DESCRIPTION OF THE TASK :: Show the lines below that contain the string "This".

RECORDS SHOWN ::
▬▬▬▬▬▬
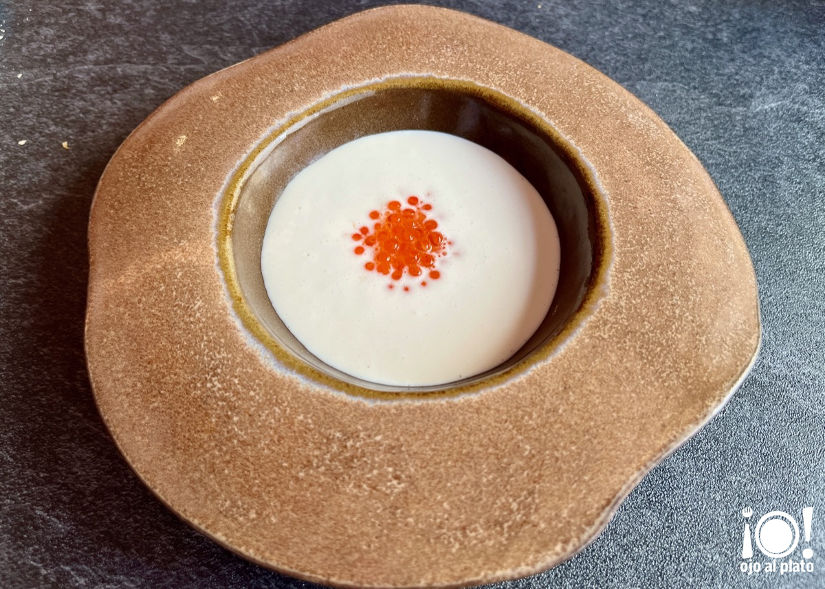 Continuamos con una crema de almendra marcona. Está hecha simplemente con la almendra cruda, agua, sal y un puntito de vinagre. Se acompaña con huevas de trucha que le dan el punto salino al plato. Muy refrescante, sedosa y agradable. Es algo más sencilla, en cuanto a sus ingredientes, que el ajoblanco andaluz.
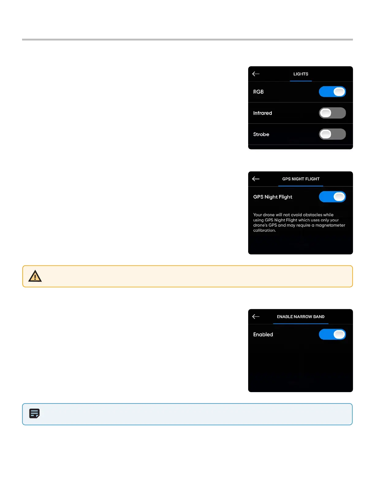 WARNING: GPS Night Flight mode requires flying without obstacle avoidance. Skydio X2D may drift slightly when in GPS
▬▬▬▬▬▬
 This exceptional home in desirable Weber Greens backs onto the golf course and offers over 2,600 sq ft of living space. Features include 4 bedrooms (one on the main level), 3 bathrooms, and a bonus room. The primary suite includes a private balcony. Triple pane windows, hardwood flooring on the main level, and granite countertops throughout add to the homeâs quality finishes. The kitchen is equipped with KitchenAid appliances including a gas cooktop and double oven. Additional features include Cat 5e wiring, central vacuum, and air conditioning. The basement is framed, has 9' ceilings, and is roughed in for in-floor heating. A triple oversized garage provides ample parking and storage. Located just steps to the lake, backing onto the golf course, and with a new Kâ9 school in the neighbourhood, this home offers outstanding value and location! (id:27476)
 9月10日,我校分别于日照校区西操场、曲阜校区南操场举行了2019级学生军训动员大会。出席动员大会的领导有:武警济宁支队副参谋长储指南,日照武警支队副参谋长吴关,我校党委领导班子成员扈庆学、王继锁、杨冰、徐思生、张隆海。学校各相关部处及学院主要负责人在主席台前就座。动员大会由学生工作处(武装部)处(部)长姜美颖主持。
▬▬▬▬▬▬
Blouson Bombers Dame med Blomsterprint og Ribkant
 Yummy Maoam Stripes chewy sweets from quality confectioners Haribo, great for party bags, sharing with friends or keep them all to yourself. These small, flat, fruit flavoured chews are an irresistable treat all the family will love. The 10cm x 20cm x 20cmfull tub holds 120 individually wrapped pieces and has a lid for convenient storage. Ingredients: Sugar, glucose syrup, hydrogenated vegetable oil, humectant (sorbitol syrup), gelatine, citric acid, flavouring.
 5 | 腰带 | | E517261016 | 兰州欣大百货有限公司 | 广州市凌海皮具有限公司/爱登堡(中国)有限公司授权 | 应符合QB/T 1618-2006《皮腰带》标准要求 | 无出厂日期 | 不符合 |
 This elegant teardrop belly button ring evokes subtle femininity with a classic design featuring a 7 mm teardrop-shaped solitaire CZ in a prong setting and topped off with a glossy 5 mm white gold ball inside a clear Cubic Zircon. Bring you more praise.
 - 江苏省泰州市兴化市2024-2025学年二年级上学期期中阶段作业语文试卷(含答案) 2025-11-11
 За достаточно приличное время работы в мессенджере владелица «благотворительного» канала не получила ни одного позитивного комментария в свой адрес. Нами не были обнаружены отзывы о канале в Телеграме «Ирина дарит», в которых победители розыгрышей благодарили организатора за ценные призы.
▬▬▬▬▬▬
FINISHED EXERCISE ::
 This exceptional home in desirable Weber Greens backs onto the golf course and offers over 2,600 sq ft of living space. Features include 4 bedrooms (one on the main level), 3 bathrooms, and a bonus room. The primary suite includes a private balcony. Triple pane windows, hardwood flooring on the main level, and granite countertops throughout add to the homeâs quality finishes. The kitchen is equipped with KitchenAid appliances including a gas cooktop and double oven. Additional features include Cat 5e wiring, central vacuum, and air conditioning. The basement is framed, has 9' ceilings, and is roughed in for in-floor heating. A triple oversized garage provides ample parking and storage. Located just steps to the lake, backing onto the golf course, and with a new Kâ9 school in the neighbourhood, this home offers outstanding value and location! (id:27476)
 This elegant teardrop belly button ring evokes subtle femininity with a classic design featuring a 7 mm teardrop-shaped solitaire CZ in a prong setting and topped off with a glossy 5 mm white gold ball inside a clear Cubic Zircon. Bring you more praise.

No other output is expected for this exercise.